He paused briefly to survey the floor, making sure he was on track, before continuing on his sudsy odyssey. “The really rotten thing about this whole thing is, I don’t even know if she was referring to a certain incident, or the entire time that we have been married. I mean, why, does she bring it up now, that I don’t listen to her? Does that also mean that I don’t listen to the guys here at work, that I tune them out too if I don’t like what they’re saying? Oh, hell……”

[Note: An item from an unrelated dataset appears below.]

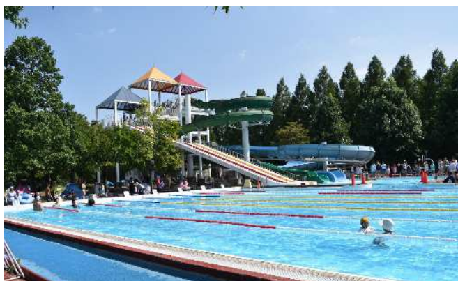
【スライダープール・多目的プール】直線と曲線の2種があります。水色のスライダーは浮き輪に乗って滑るタイプ。多目的プールは本格的に泳ぐこともできます。

■所在地 加須市船越、下高柳、水深地内 ■問合せ 加須はなさき公園管理事務所 TEL 0480-65-7155

The confused paramedic stopped again, realizing that what he had just thought could very well be true. He definitely had developed a deaf right ear with Johnny; driving in the squad with the often talkative Gage had resulted in him filtering out, sometimes, a lot of his inane chatter. This was something he most assuredly did with his wife.

“Just like I do with Jo,” Roy mumbled, out loud this time. “I harvest through their words, their chatter, their complaints and whining, and pick out only what I want to hear. And the rest of the guys, I simply absorb myself into something, like reading, so that their conversations and arguments just blend into a nice, soothing white noise…….

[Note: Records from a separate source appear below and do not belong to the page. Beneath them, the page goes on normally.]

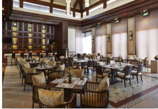
Gambar 2.5 Restaurant Bali National Golf Club

Pada gambar 2.5 diatas, merupakan gambar dari restaurant yang dimiliki oleh Bali National Golf Club. Restoran ini memiliki teras outdoor yang menghadap langsung ke lapangan golf dan terhubung langsung ke tempat starter / tempat para pemain bersiap untuk bermain golf. Pada saat event berlangsung, restaurant ini biasanya menjadi tempat untuk para peserta berkumpul untuk sarapan di pagi hari sebelum bermain golf dan bisa menjadi tempat lunch setelah para pemain selesai bermain golf.
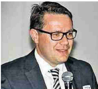
Überzeugt vom Standort: Regierungsrat Würth.
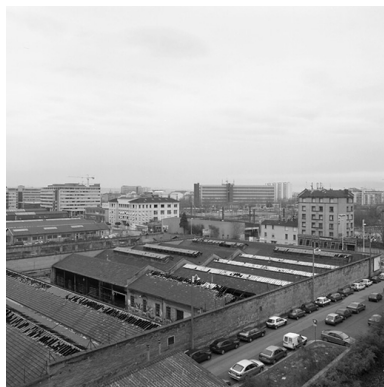
Vue du central téléphonique dans le paysage en 2002

Slamming the mop into the bucket for a final time, Roy rolled the whole thing out the back door. He dumped the little water remaining in the container and rinsed it out, then hung the mop upside down to dry on the rack attached to the building. He forced himself to take a calming breath and walked over to his car, running his hand along it as he continued to the block wall that divided the parking lot from the industrial building behind it. Turning, he leaned against the already sun warmed blocks and folded his arms, listening to the sounds of the morning traffic roaring on the freeway behind him.

“Maybe she’s right…….I don’t really listen……….”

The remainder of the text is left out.